But the price picture could shift over the next year thanks to several factors, Stillo said.

With the Bank of Canada notching another rate increase last month, Stillo said he expects prices to rise further, putting a squeeze on homebuyers feeling pinched by higher interest rates and high home prices. Tighter credit conditions may also play a role amid heightened unaffordability across the country, he added.

Stillo predicts a moderate recession will set in over the next few months, causing people to pull back on their spending as interest rates catch up to them. He thinks that phenomenon will ultimately lead to a decline in home prices.

“That's going to be the key trigger that you'll see soon,” he said.

“Only in the basically the latter part of this year, over the next couple of years will we start to see an improvement in affordability.”
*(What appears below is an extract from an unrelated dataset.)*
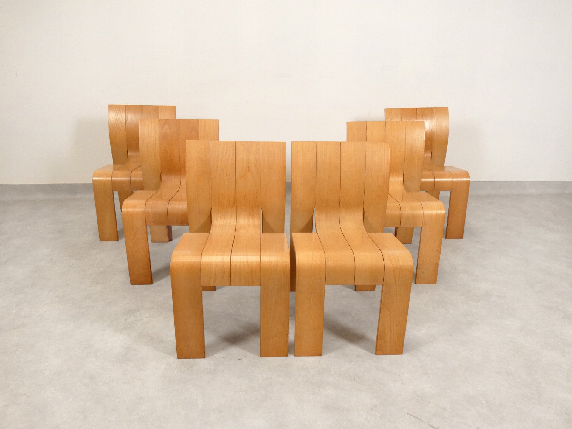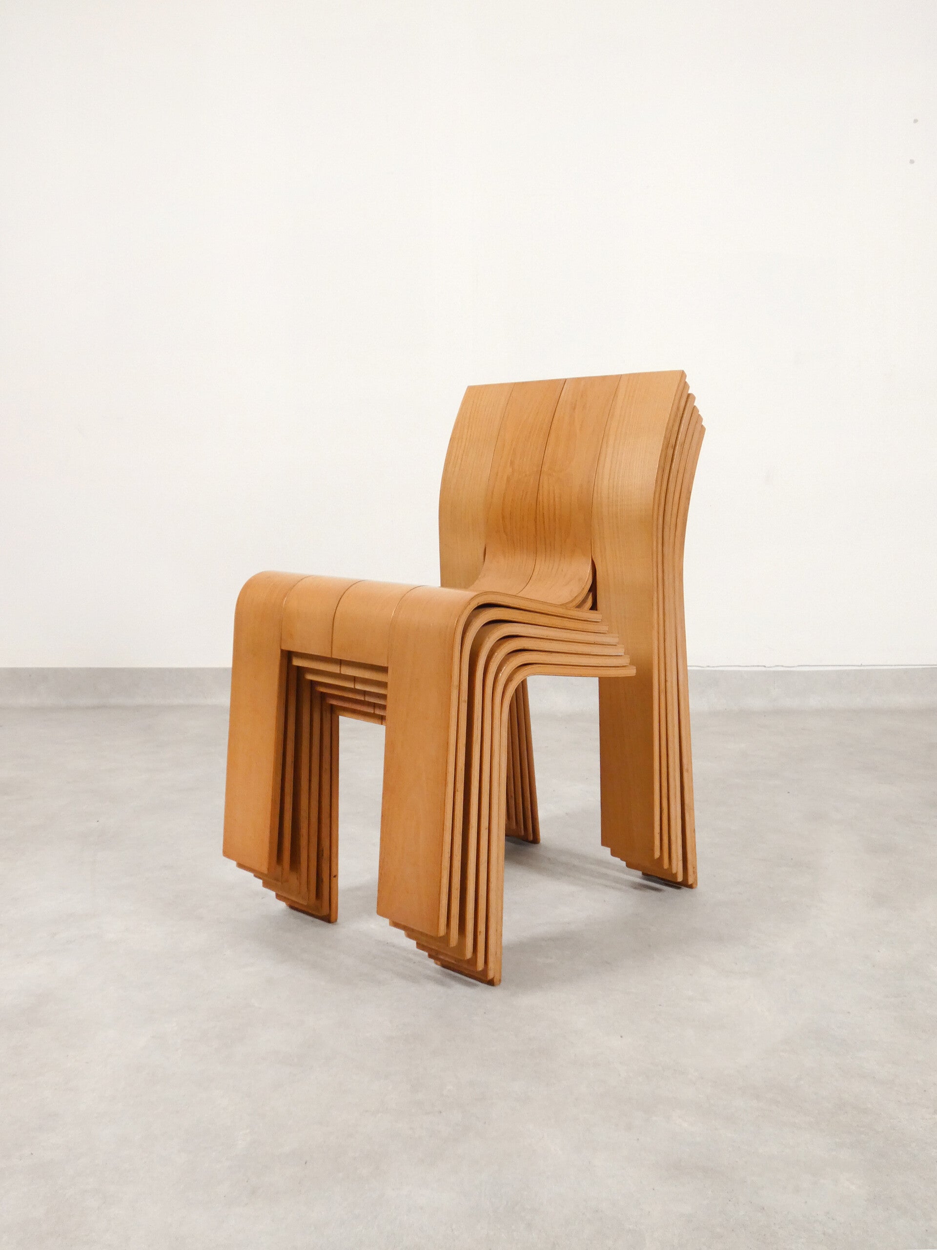Six iconic "strip" chairs designed in 1974 by Gijs Bakker for Castelein. The concept behind this chair was to simplify the form, leaving only a powerful, striking silhouette.

Stillo anticipated by halfway though 2024, home prices will have fallen about a quarter from their peak in February 2022, before becoming “somewhat” more affordable in 2027 as conditions such as high interest rates and prices even out.

He expects home affordability will improve over the next decade into the mid-2030s.

Those projections are heavily dependent on more housing supply becoming available to keep prices in check, he noted, pointing to pledges from governments to fill the gap.

“We're looking for supply of housing to outpace demand,” he said. “Governments have made a lot of concerted efforts to streamline the development process, get more housing built, and that is what we're hoping for.”